Task to carry out = Skip every picture while you write out the records below, from the first line through the one that contains "Features: Dropped shoulders", both ends kept.

BEGIN Records supplied

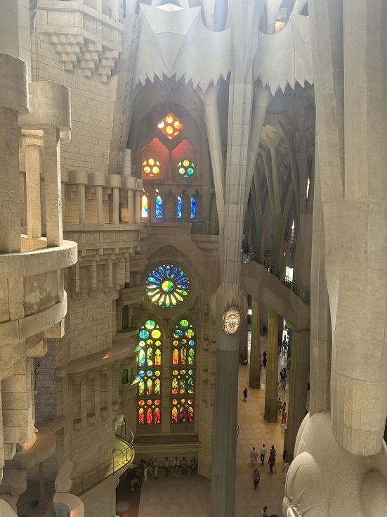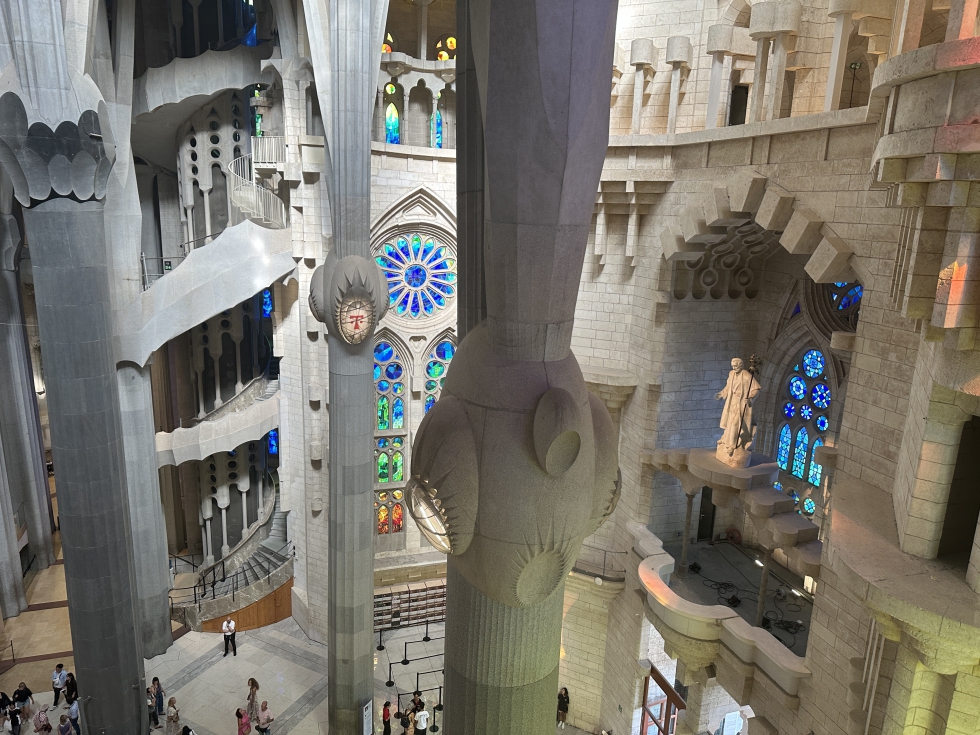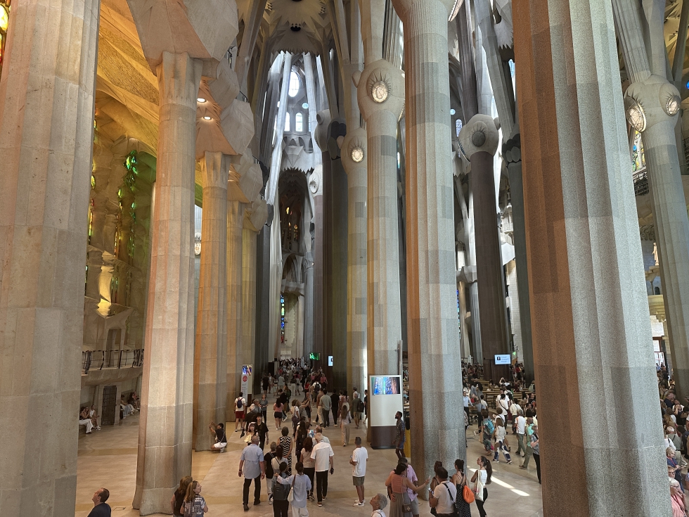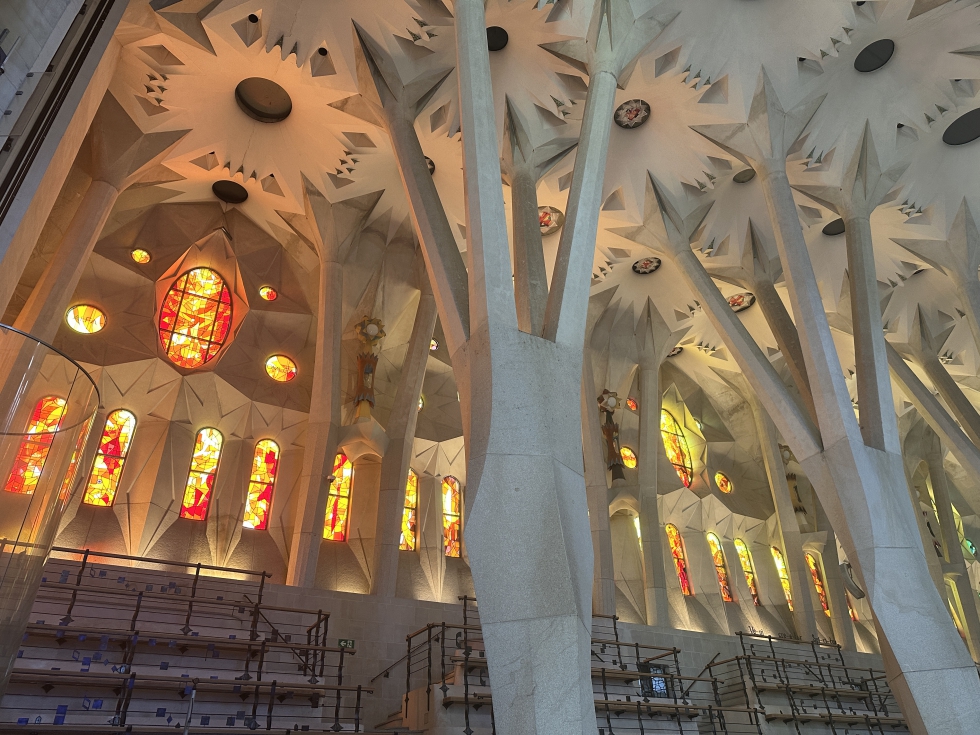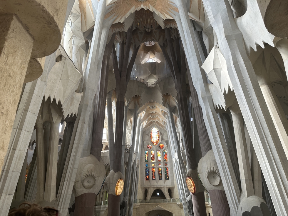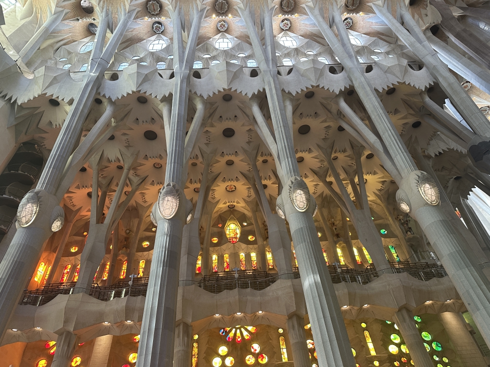 Uno de los elementos más disruptivos es la columna de doble giro, una invención única de Gaudí, que contribuye a distribuin mejor el peso hacia las bases, fiel a una geometría natural (como la de los troncos de los árboles), ya que estas columnas se ramifican en la parte superior para sostener las bóvedas, imitando las ramas de un árbol.
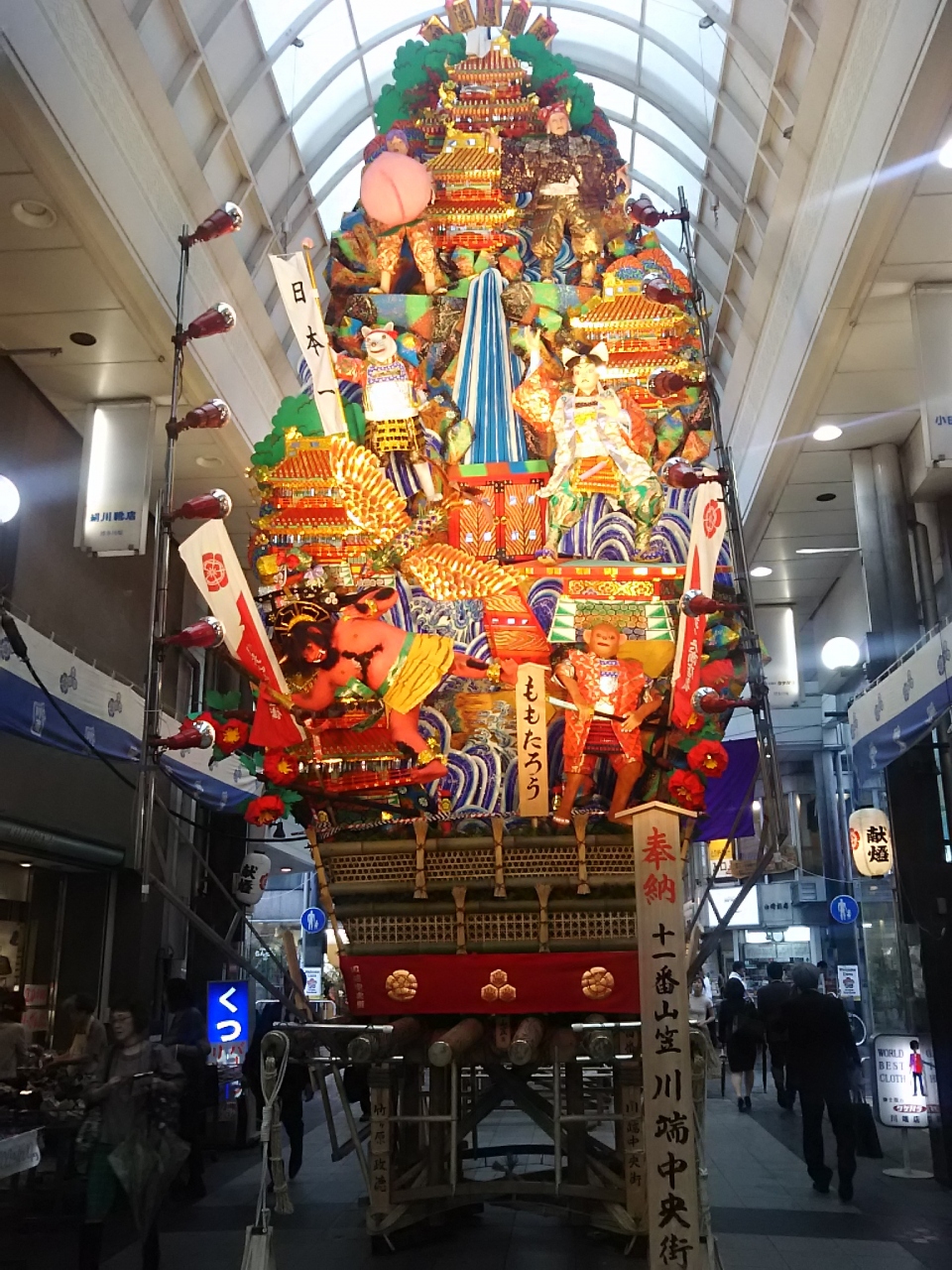 博多川沿いの長さ約400mの川端通商店街アーケードにも、「博多祇園山笠」のお祭り期間中(7/1~15)は、飾り山笠が展示披露されます。
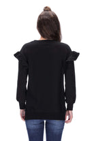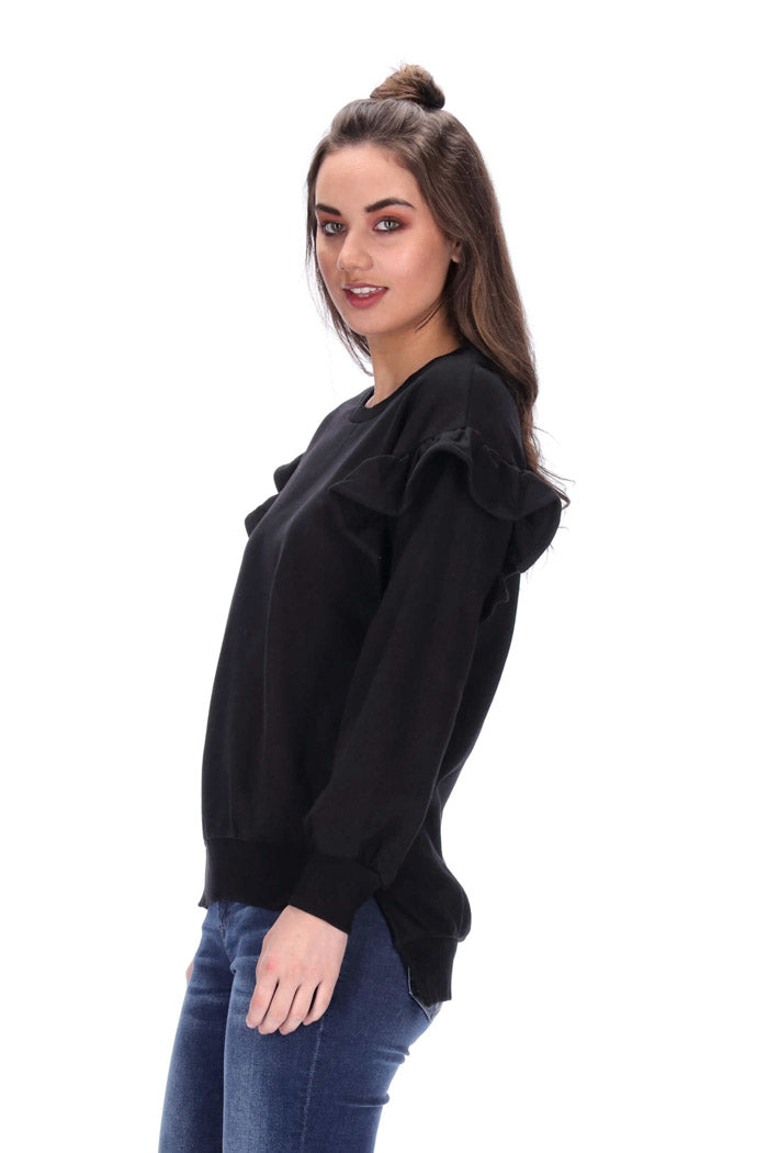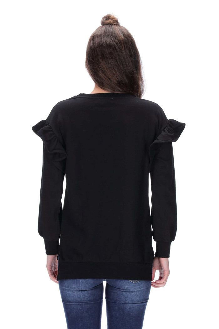 Features: Dropped shoulders with ruffles, long sleeves and dipped hem band
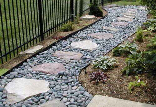 Nearly every landscape design needs to account for drainage. So why not make your drainage ditches beautiful with river stones? It is a natural fit, since water is what created them in the first place.
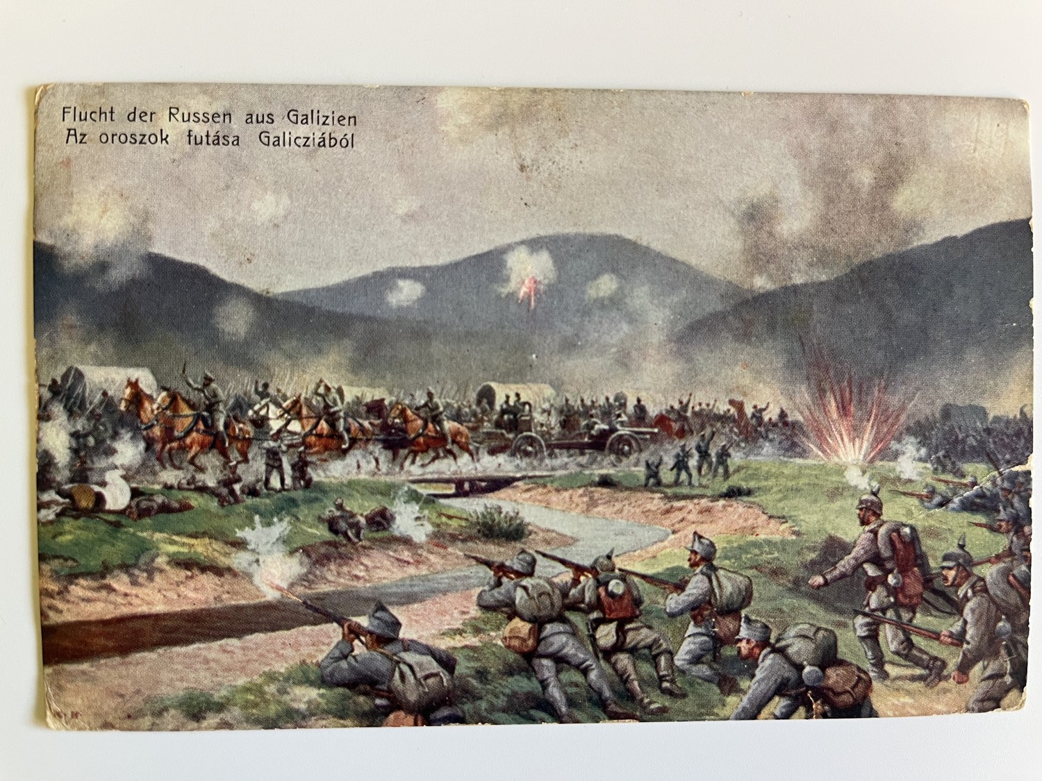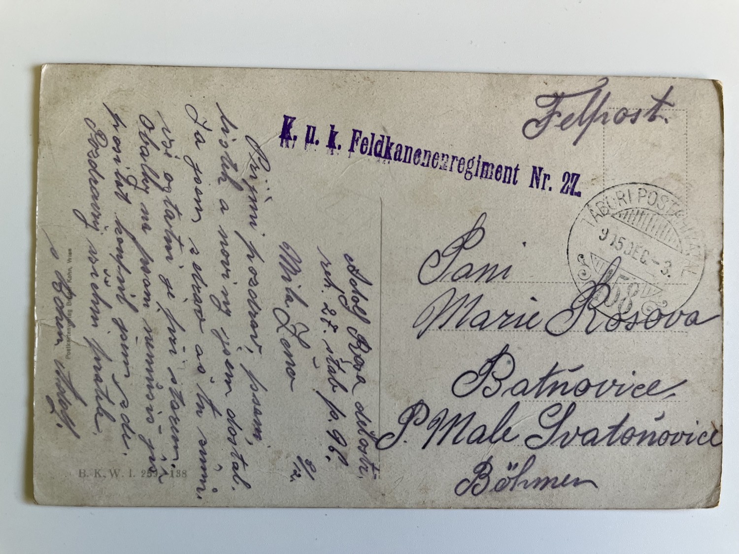 (hhl 29) MF pohlednice prošlá poštou. Adresát Batňovice, p. Malé Svatoňovice (okres Trutnov). Razítko K. u. k. Polní dělostřelecký pluk č.27

END Records supplied

Solution =
 Uno de los elementos más disruptivos es la columna de doble giro, una invención única de Gaudí, que contribuye a distribuin mejor el peso hacia las bases, fiel a una geometría natural (como la de los troncos de los árboles), ya que estas columnas se ramifican en la parte superior para sostener las bóvedas, imitando las ramas de un árbol.
 博多川沿いの長さ約400mの川端通商店街アーケードにも、「博多祇園山笠」のお祭り期間中(7/1~15)は、飾り山笠が展示披露されます。
 Features: Dropped shoulders with ruffles, long sleeves and dipped hem band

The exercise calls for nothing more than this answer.